The NoCo Herald

Estes Park board approves 440 Valley Road rezoning to accommodation use

The Estes Park Town Board voted Tuesday to approve Ordinance 11-26, rezoning 440 Valley Road from RM multifamily residential to A-1 accommodations low intensity. The change allows the property’s existing three-unit lodge to be treated as a resort lodge rather than three separate vacation homes, aligning the zoning with the way the lodging structure already operates. The owners returned with written approval from 74% of record property owners within 500 feet, satisfying the town’s Ballot 300 requirements after an earlier denial.

Trustee Frank Lancaster, presenting the staff report, said the property includes a detached single-family home and a small three-unit lodge used for accommodations. He said no future development is proposed and that, if the site were ever redeveloped, it would be limited to three total units under A-1 zoning. Lancaster also said the Planning Commission unanimously recommended approval both when it first considered the request in January and again after the resubmitted application came back this month.

Speaking for the applicants, Chris Eshelman said the family has operated the small lodge for 15 years with "no complaints, no noise complaints, no complaint of any type" and described the rezone as an effort to correct a long-running zoning mismatch. Another owner said the board’s January denial was based on Ballot 300 requirements and that the family then spent about three weeks gathering signatures from nearby property owners, collecting 23 of 31 possible approvals.

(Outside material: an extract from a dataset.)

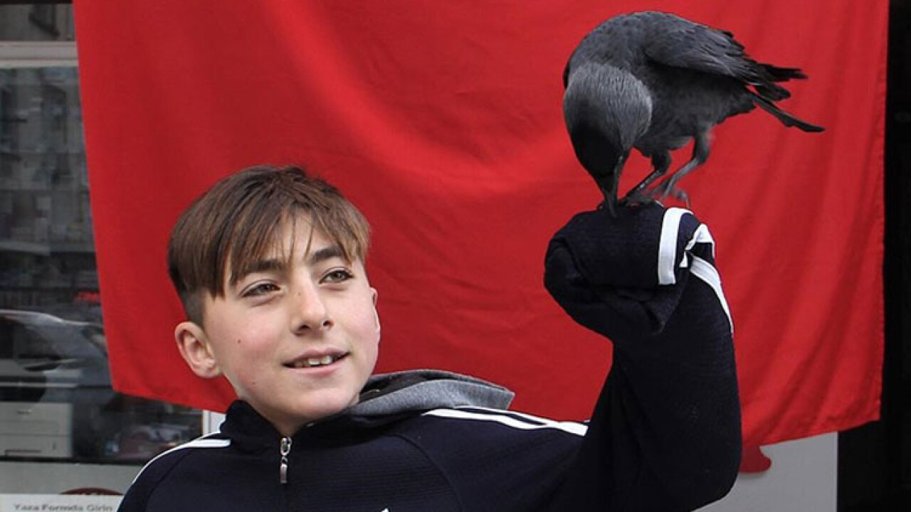 lçede esnaflık yapan Mehmet Göymen, yaklaşık bir yıl önce iş yerinin önünde yavru bir karga buldu. Göymen'in iş yerine alarak yem ve su verdiği kuş bir daha iş yerinden ayrılmadı.

Mayor Gary Hall backed the request, calling it "a pretty non-controversial rezoning" and telling the applicants, "I think this board as a whole believes that this should be rezoned." Trustees also discussed whether the case could influence other lodging properties seeking rezoning to avoid workforce housing linkage fees. Trustee Bill Brown said other property owners could seek rezoning, but added that "getting around the linkage fee is not a justification for rezoning." Trustee Mark Igel said he did not see the case as setting a precedent because of the property’s specific history.

The staff report noted one letter of opposition raising concerns that the rezoning could shift the street’s character from residential to commercial, but no one spoke against the request at the hearing. During board discussion, trustees also confirmed that rezoning the property would not increase its allowable density; Lancaster said any future owner would still be limited to three units.

The ordinance, listed as Planning Commission Action Item Ordinance 11-26, approved the resubmitted application after the owners met the neighbor-signature requirement added under Ordinance 11-25.